La mesure de spectroscopie infrarouge est basée sur la capacité des molécules à absorber certaines longueurs d’onde du rayonnement infrarouge, grâce à l’interaction entre le rayonnement et la matière. L’énergie du rayonnement absorbée par une molécule dans l’infrarouge moyen correspond à la fréquence de vibration de certaines liaisons chimiques de cette molécule (Stuart 2005).
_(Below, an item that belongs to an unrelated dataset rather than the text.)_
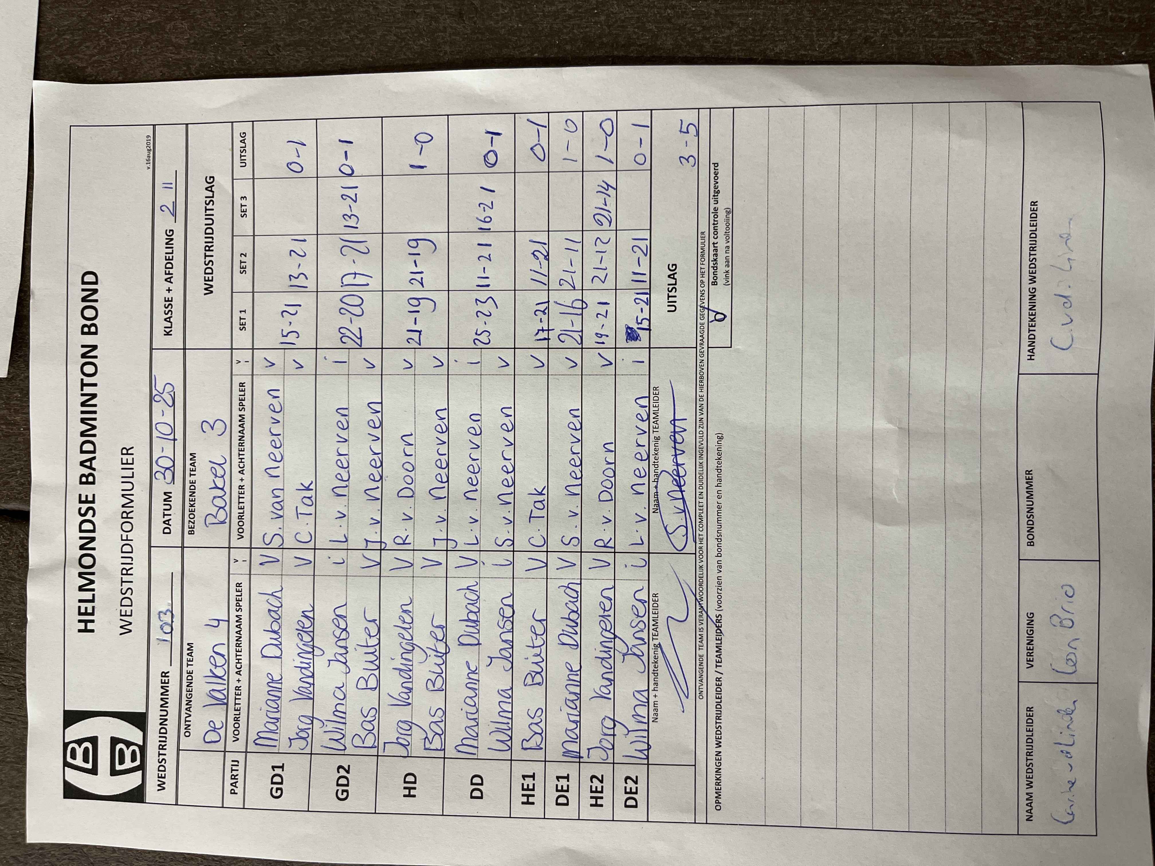 | 102 | do. 30-10-2025 | De Valken 4 | - | Bakel 3 | 14 | 3 - 5 | |||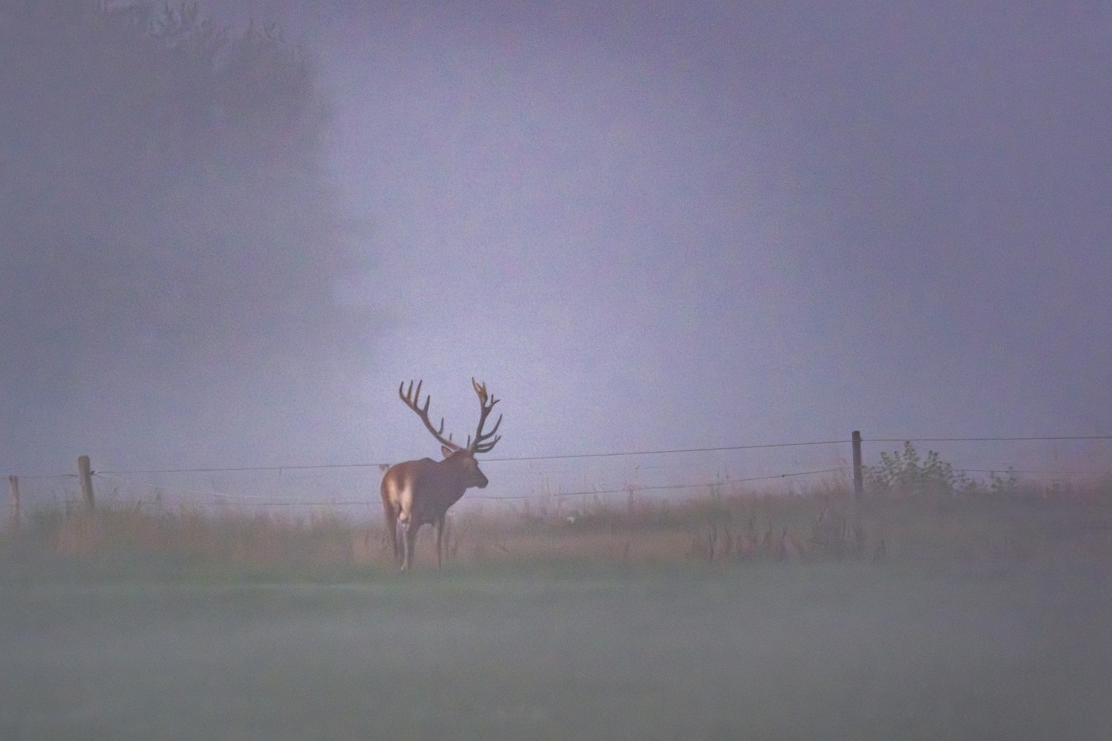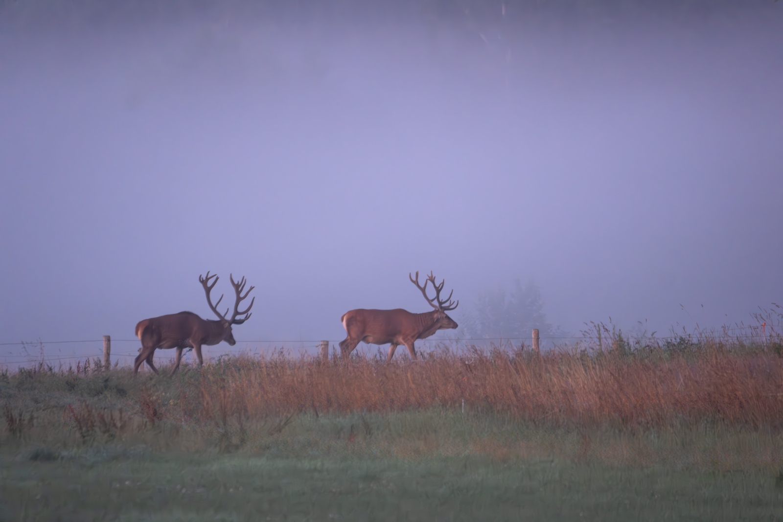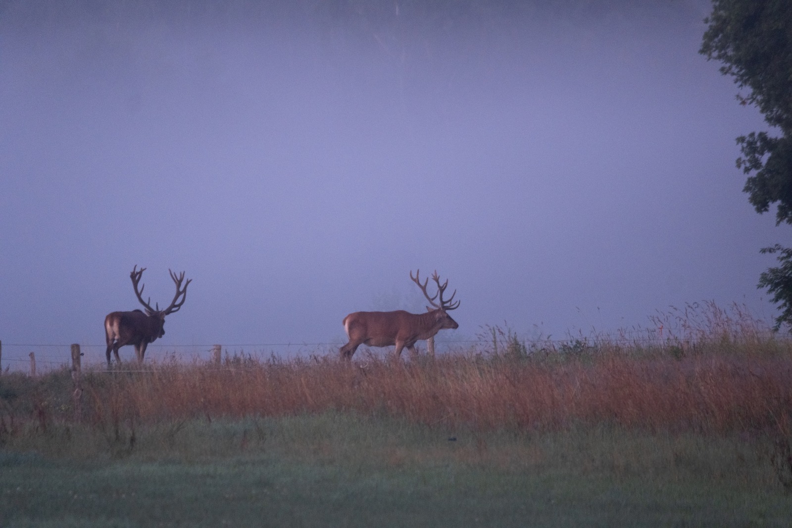 In het voorbij fietsen zag ik gisterenochtend vroeg deze twee edelhert mannen op een akker staan. Rustig grazend omgeven door wat lichte nevel om na verloop van tijd evenzo rustig het bos in te trekken….

Il existe différents modes de vibrations des liaisons chimiques : les modes d’élongation et de déformation (Figure 18), dont les énergies sont caractéristiques du type de liaison.

Figure 18. Différents modes de vibrations : exemple des vibrations des groupements CH2 d’une

molécule (extrait de (Dalibart and Servant 2000))

Ainsi, on obtient le spectre infrarouge d’un échantillon (liquide, solide, gazeux, sous forme de poudre …) traversé par un rayonnement infrarouge polychromatique en déterminant les longueurs d’onde absorbées, spécifiques des fonctions chimiques présentes dans l’échantillon en question.

Dans le cas de notre étude de surface, un spectromètre infrarouge à transformée de Fourier en réflexion totale atténuée a été utilisé (appareil Frontier (Perkin-Elmer, Waltham, Etats-Unis), piloté par le logiciel Spectrum (version 10.03.08.0135)). Quel que soit l’échantillon à analyser, celui-ci était placé directement au contact d’un cristal de sélénium de zinc de fort indice de réfraction (n = 2,43) (Figure 19), et maintenu avec une force de 20 UA pour assurer un bon contact entre la surface à analyser et le cristal.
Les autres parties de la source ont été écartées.